= Beginning of Section =

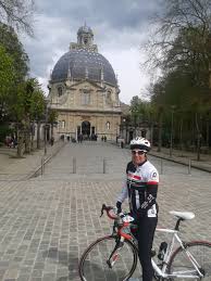 en trapt zijn pedaal kapot dus wij op zoek naar een fietsenmaker en die vinden wij in Wilsele en die is nog open terwijl die hem
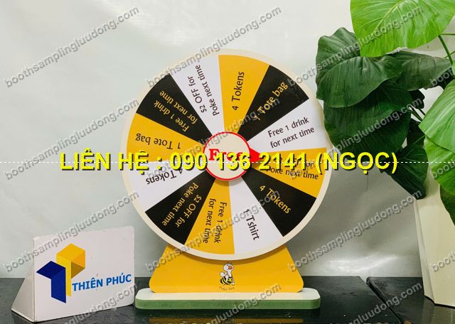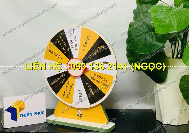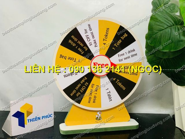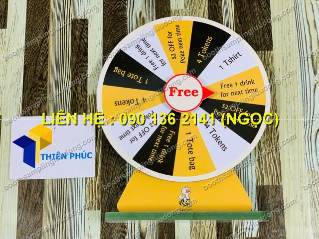 - Vòng quay gỗ để bàn rẻ là dụng cụ mini game quảng cáo được thiết kế bằng chất liệu gỗ bền đẹp, kích thước nhỏ gọn, đặt dễ dàng trên bàn làm việc, quầy lễ tân, booth sự kiện hay quầy bán hàng.
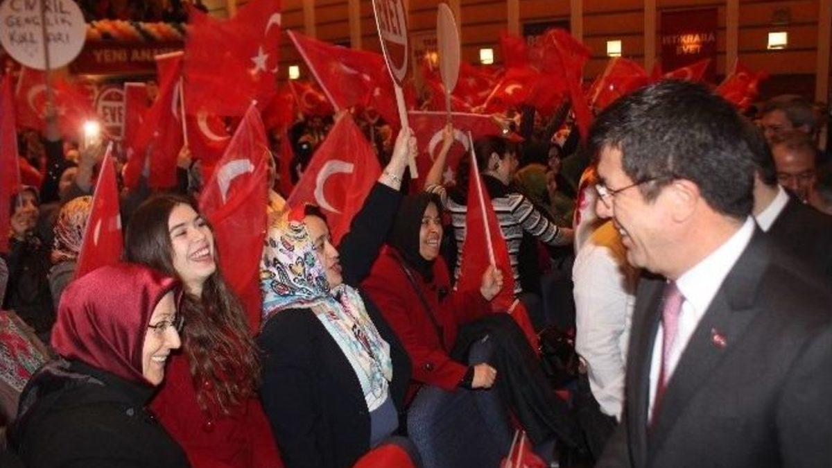 AK Parti Denizli İl Danışma Meclis Toplantısına katılan Ekonomi Bakanı Nihat Zeybekci, “Anayasa referandumunda Cumhurbaşkanı veya parti seçmiyoruz, milletin faydasına olacak sistem değişikliği yapıyoruz” dedi.Denizli EGS Kültür ve Kongre Merkezinde yapılan toplantıda konuşan Ekonomi Bakanı Nihat Zeybekci, 16 yıldan beri verdiği sözleri tutan ve hizmetleri yerine getiren bir partinin olduğunu kaydetti. Zeybekci, “Bunların derdi başka, bunların karın ağrısı başka, bunların derdi söyledikleri gibi, cumhuriyet veyahut laiklik veya başka şeyler değil. Bunlar biliyorlar, bu ülkede cumhuriyet tehdit altında hiç olmadı. Olmayacak da, bu ülkede AK Parti var oldukça, insan haklarına, özgürlüklere kimse yan gözle bakamayacaktır. Şimdi bunların en büyük dertleri ve kaygıları, diyorlar ki, bunlar öyle bir düzenleme yapacaklar ki, bu ülkede bir daha karışıklık, tereddütler olamayacak, endişeleri var” diye konuştu.Türkiye’nin tüm dünyada parmakla gösterilen bir ülke haline geldiğini belirten Zeybekci, Türkiye’nin Eximbank aracılığıyla Tanzanya’ya 1.5 milyar dolar verecek duruma geldiğini, Türkiye’nin dünyanın her yerinde var olduğunu ifade etti. Zeybekci, “Onun için karın ağrıları var, onlar alışmışlar, diyecekler ki, bu coğrafyada, Kafkaslarda, Ortadoğu’da, Balkanlar’da, Körfez’de, kendi istedikleri haritalar çizecek ve onlar istiyorlar ki, Türkiye kendi içiyle uğraşsın, terörle uğraşsın, FETÖ ile PKK ile uğraşsın. Buralara bakmasın istiyorlar, öyle yağma yok. Onun için CHP milletvekili El Bab’taki aziz şehitlerimizi anlayamaz. Zaten onlar diyor ki, dağdaki çobanla benim oyum bir mi olacak. Yılmaz Özdil denen adam, bu aziz millete, göbeğini kaşıyan adam, demedi mi? Aynı kökten geliyorsunuz. Sen anlarsın şehadetten şehitten. El Bab’taki sordular mı, peki Trablus’ta Mustafa Kemal ne yapıyordu, Mekke’de, Medine’de Fahrettin Paşa ne yapıyordu. Yazıklar olsun sizlere, bunları anlamanız mümkün değil, zaten anlayamazsınız” ifadelerini kullandı.Bu referandumun her şeyiyle tam bağımsızlık Türkiye için olduğunu belirten Zeybekci, birilerine faiz vermeyen, birilerine hesap vermeyen, birileri tarafından yönetilmeyen, için olduğunu söyledi.Milletin verdiği kararın her zaman başlarının üstünde yeri olduğunu aktaran Zeybekci, “7 Haziran seçim millet tek başına iktidar yapmadı. Milletin takdiri başımızın üstünde yeri var. Ne ama en ancak, milletin takdiri başımızın üstünde yeri var. Ama millet bir anda, kaybeden bu millet olduğunu kendileri gördü. Ekonomisi kaybetmeye başladı, memuru, işçisi, zanaatı hep beraber bir anda boşluğa düştü. Koalisyon olacak mı olmayacak mı, biri çıkıyor diyor ki, ne olursa olsun hayır diyeceğim. Türkiye bir macera geçirdi 1 Kasım seçimlerine gitti” dedi.Türk Lirası hariç, dünyada tüm para birimleri 7 Haziran’da dolar karşısında değer kaybettiğini belirten Zeybekci, 7 Haziran seçimlerinin ardından doların TL karşısında yükselişe geçtiğini kaydetti. 7 Haziran seçimlerinde hayır diyenler, Türkiye partisi, demokrasi söylemi ile milletin karşısına geçenlerin yaptığı siyasetin, hendeğe ve çukura dönüştüğünü belirten Zeybekci, silahın ve terörün Türkiye’ye bu hale getirdiğini belirtti.Zeybekci, “Tüm bu hastalıkların tedavisi, 18 maddelik bu anayasa değişikliğine ‘evet’ demektir. Millet ‘evet’ diyecek ve bu tehditlerden, bu hastalıklardan kurtulacaktır. Bir daha ki, seçim 2019’da, peki seçimlere giderken, bu ülke 80 milyon nüfusuyla, bir daha ne olacak kaygısını diye aklının kenarından bile geçemeyecek. İşte kim gelirse gelsin, hep iktidarda kalacak. Beş yıl boyunca kesintisiz, tek başına iktidar olacak. Hangi partiden gelirse gelsin, kim gelirse gelsin, bu milletin takdiri başımızın üstündedir” şeklinde konuştu.16 Nisan’da yapılacak referandumda cumhurbaşkanı seçmeyeceklerini aktaran Zeybekci, “Biz Cumhurbaşkanı mı seçiyoruz, AK Partiyi mi seçiyoruz, biz sistem değişikliğini seçiyoruz. Bu ülkede herkesin, tüm vatandaşların tabi olduğu, yarın AK Partinin çıkaracağı adayın da tabi olduğu, CHP’nin seçtiği adayın da tabi olduğu, herkese eşit olan bir uygulamadır. Açıp baktığınız zaman da, bugüne kadar, ‘sorumsuz’ olan, yargılanamayan bir cumhurbaşkanından, hesap sorulan, sorumlu tutulan, gerektiğinde yüce divana bile gönderilebilen bir cumhurbaşkanına gidiliyor. Nesinden rahatsız oluyorsunuz. Neresi size tam uymuyor, onu tam bir söylesenize. Siz içinizdeki bu kini bir çıkarın, merak etmeyin, bu millet size bir şey yapmaz. Bunların asıl kaygıları neler biliyor musunuz. Bunlar bu akla hareket ettikçe, bunlar bu ahlak da oldukça, bunlar bu milleti böyle gördükçe, bu şekilde bu gözlüklerle gördükçe, bu aziz millet, bunlara yüzlerce yıl yüzde 51’i asal vermeyecektir. Bunların asıl karın ağrıları budur” şeklinde konuştu.Bakan Zeybekci, toplantının sonunda AK Parti’ye geçen muhtarların rozetleri taktı, siyaset akademisine katılanlara sertifikalarını verdi.

= End of Section =

Your assignment -> Through the line containing "- Vòng quay" and no further, restate the data above word for word from its first line, leaving out pictures.

Written solution ->
 en trapt zijn pedaal kapot dus wij op zoek naar een fietsenmaker en die vinden wij in Wilsele en die is nog open terwijl die hem
 - Vòng quay gỗ để bàn rẻ là dụng cụ mini game quảng cáo được thiết kế bằng chất liệu gỗ bền đẹp, kích thước nhỏ gọn, đặt dễ dàng trên bàn làm việc, quầy lễ tân, booth sự kiện hay quầy bán hàng.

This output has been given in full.